At no point in this is a database ever introduced. The word schema
makes one think of a database, but I think the OP only used it to say he
wanted something like it. He doesn't actually want a database schema.

Now for spreadsheets, as they store unstructured data whereas databases
store structured data, a schema-like outline would be well-nigh
impossible to generate. But some sort of filterable listing of formulae
would help a lot with the above scenario, and is what I have proposed.

I think this should be a feature request for Calc, personally.

Paul

Thank you, Paul. I have followed the convolutions of the discussion with
interest but you have more clearly presented what I tried to say in the
beginning. After much of the discussion I now see many of the difficulties
involved but I will follow your suggestion and see if I can phrase this
clearly enough to present it as a Calc feature request.
  I must express my thanks to all who contributed. It is this type of
interaction that can lead to a more useful product.

Paddy

Actually, the OP (me) started with Calc database because changes are
easy. Changes are still under way (field names, new fields, etc.), so
I'm using Base to access Calc, which gives me queries.
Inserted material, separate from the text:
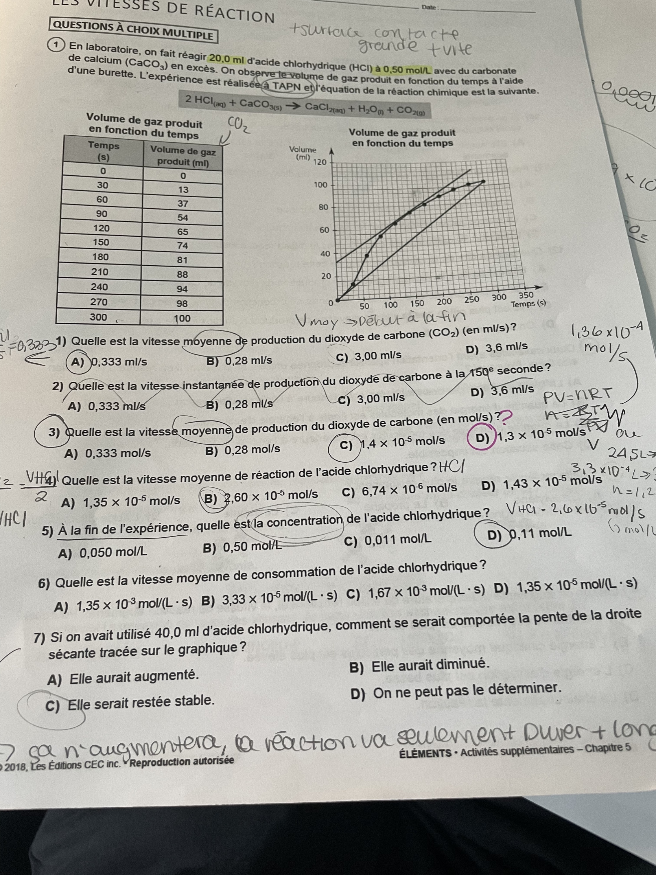 Secondaire 5 • 1aJe n’arrive pas a trouver la réponse correcte, la réponse dit que c’est 0,025 mol/s mais je veux savoir la démarche pour en arriver la svp
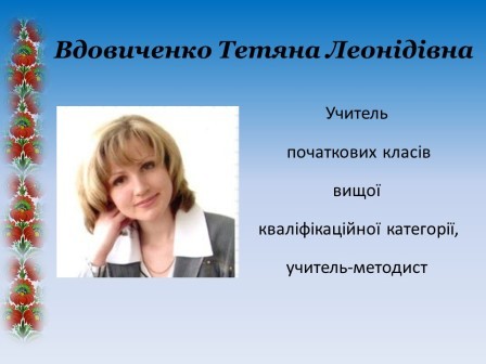 - Вдовиченко Тетяна Леонідівна, учитель початкових класів вищої кваліфікаційної категорії, учитель-методист.

The next step is a real db, but I'm still sorting that out. I'm not
interested in RAM-resident, embedded for reasons pointed out in this
thread. As the db requirements become more clear (size, number of
users, structure), I'll decide. Could it be a future version of Base?
Possibly, depending on how it progresses over the rest of the year. I'm
looking for robust, good performance, reliable, and stright forward
setup (not necessarly easy, but not requiring a db phd).

Dave,